L’insospettabile talento delle piante. I segreti del loto

Si chiama fior di loto il fiore di una pianta acquatica originaria dell’Asia e dell’America, chiamata Nelumbo; al genere nelumbo appartengono solo due specie: nelumbo nucifera, di origine asiatica, detto anche loto sacro; e Nelumbo lutea, o loto americano. In Italia in vivaio si trovano generalmente esemplari della specie asiatica, assieme ad alcuni ibridi, che spesso sono più resistenti e vigorosi della specie botanica.
I nelumbo sono piante di grandi dimensioni. Producono un ampio piede semi legnoso, costituito da radici rizomatose, che tendono ad affondare nel terreno; dalle radici si ergono vigorosi fusti cilindrici, rigidi ed eretti, che portano grandi foglie cordate o tondeggianti, ed i grandi fiori rosati o bianchi. Le foglie del loto sono di colore verde grigiastro, e sono ricoperte da sostanze che le rendono completamente idrorepellenti; sono abbastanza coriacee, e spesso, così come i fiori, si elevano al di sopra del pelo dell’acqua, e difficilmente le si vede tutte completamente immerse o galleggianti, al contrario di quanto avviene per le ninfee. Quando il fiore appassisce, rimane per giorni sul fusto rigido un ampio baccello, che con il passare dei giorni diviene legnoso, a forma di imbuto, che viene spesso utilizzato, disseccato, nelle composizioni floreali. Queste piante, nonostante la loro bellezza esotica, sono di facile coltivazione, soprattutto se si dispone di un piccolo laghetto abbastanza profondo, almeno 30-40 cm; possono venire coltivati anche in ampi vasi per idroponica, o in altri contenitori, purché abbiano una buona quantità di acqua e di spazio. Sono piante resistenti e vigorose, che non temono il gelo, fino a che restano in acqua non ghiacciata; se viviamo in una zona dove l’inverno è decisamente molto rigido, con gelate assai intense e prolungate, possiamo coprire il laghetto con agritessuto, oppure coltivare il nostro fiore in un vaso, da spostare al coperto in caso di gelo intenso; in ogni caso, se l’acqua non è completamente ghiacciata, possono rimanere all’aperto anche in caso di sporadiche e lievi gelate. In Italia esiste un enorme laghetto di fiori di loto nello spettacolare giardino di Villa Taranto, a Verbania, dove gli inverni non sono sicuramente miti, seppur riscaldati dalla vicinanza del lago.

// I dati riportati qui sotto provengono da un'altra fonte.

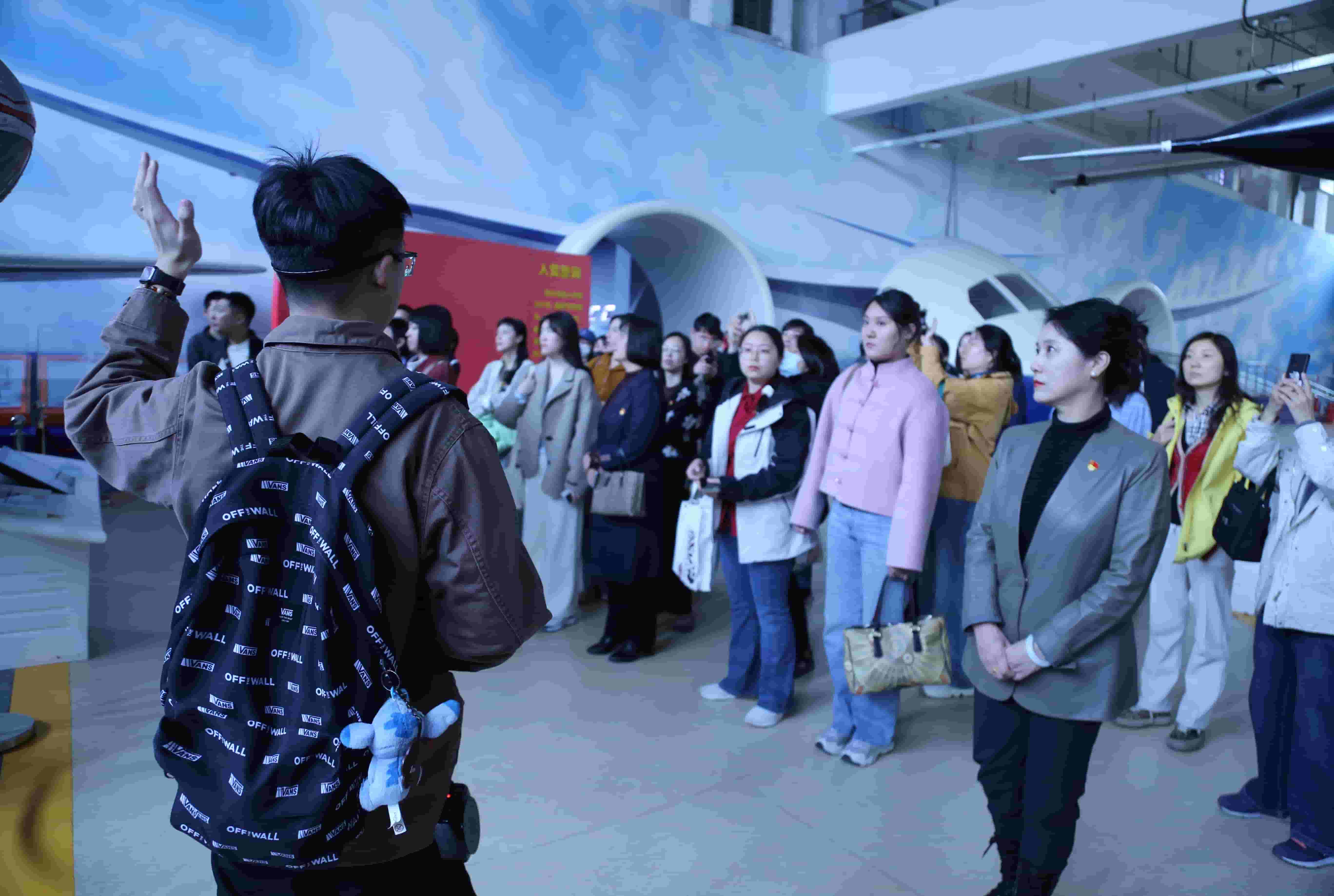 在讲解员的带领下,北戏教职工走进航空航天馆,参观北航收藏的各类珍贵展品,了解了北航师生仅用100天自主设计制造“北京一号”运输机的故事,纷纷被航空航天精神而感动。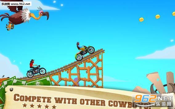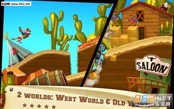 《狂野西部竞赛安卓版》是一款竞速闯关游戏,游戏中你将会驾驶着马匹或者摩托车进行一系列的闯关,各种高山,沼泽,蹦床,旧矿井等等危险和障碍在前方等着你,你需要凭借精湛的技术将这些困难都克服,成为最厉害的牛仔,非常有趣,快来下载体验吧!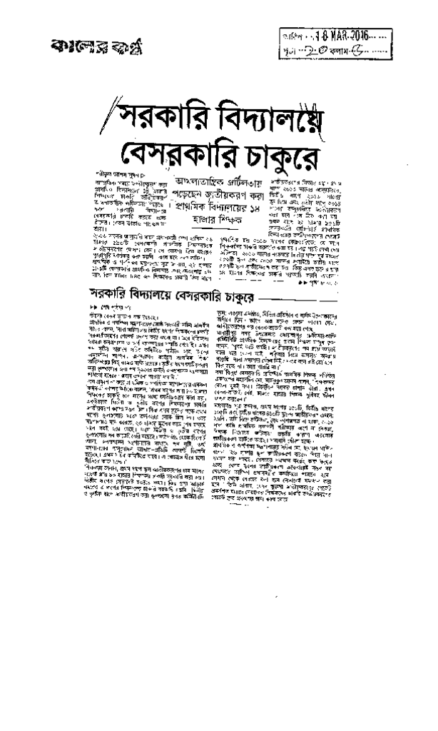 সরকারি বিদ্যালয়ে বেসরকারি চাকুরে Published on Newspaper দৈনিক কালের কন্ঠ Category General Education General Education Download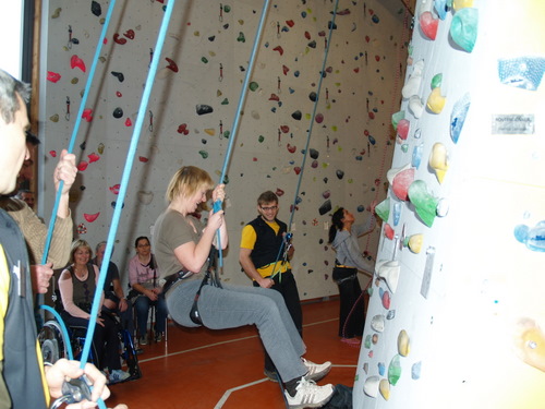 Am meisten faszinierte es mich, als ich TOM die ganzen 14 Meter der Wand habe hochklettern sehen … das letzte Mal habe ich ihn so grinsen sehen nach seinem Fallschirmsprung … wenn man ihn so in der Wand sah, war kaum ein Unterschied zu den vielen anderen Leuten die dort kletterten … manchen wird es sicher verwundert haben, wenn er ihn dann, wieder unten auf seinen Stuhl zuhinken sehen hat…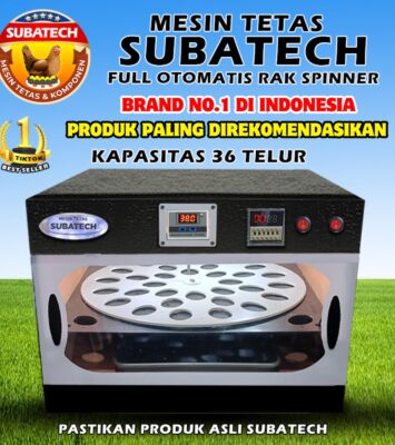 Mesin Tetas Telur Full Otomatis Penetas Rak Spinner 36 Subatech
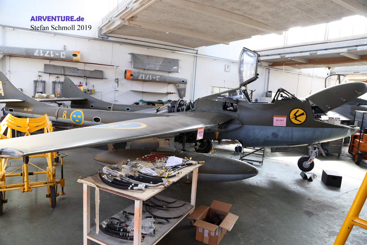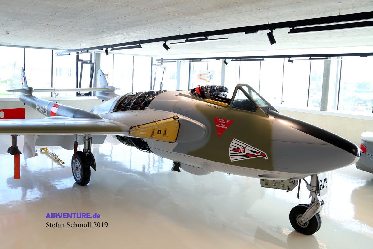 Fast alle heute noch fliegenden deHavilland Vampire & Venom stammen aus Schweizer Militärbeständen. Das FFA Museum präsentiert gleich ein halbes Dutzend der frühen Jets. Relativ neu ist die SE-DXT, welche in Schweden erworben worden ist. Sie flog früher als U-1212 in der Schweiz.

I tuberi semi legnosi vanno interrati sul fondo del laghetto; per fare ciò muniamoci di un vaso grigliato, posizioniamoci il tubero, con il germoglio in alto, e copriamo tutto il tubero con un composto sufficientemente compatto, in modo che rimanga in posizione una volta affondato il vaso nell’acqua. Se vogliamo porre a dimora il loto in un grande vaso, posizioniamo il tubero sul fondo, e quindi copriamo con terriccio apposito per piante acquatiche, fino a raggiungere la base del germoglio, che andrà lasciata al di fuori del terreno. Quindi copriamo completamente con l’acqua, oppure poniamo il vaso ancorato sul fondo del nostro laghetto. Se possediamo un piccolo laghetto in giardino, evitiamo di porre a dimora il loto al di fuori di un vaso, perché tende con il tempo a divenire invasivo, e la presenza del vaso ci aiuterà a mantenere il tubero compatto nel corso degli anni.
Queste piante non necessitano di ulteriori cure, se non periodiche fertilizzazioni con concimi specifici per piante acquatiche.

Ma oltre ad un semplice valore ornamentale, che nelle culture orientali occupa un posto di particolare riguardo, alcune industrie, stanno studiando in laboratorio le caratteristiche che rendono le sue foglie assolutamente impermeabili. Lo scopo è arrivare a imitarne la struttura, per produrre vernici e materiali idrorepellenti.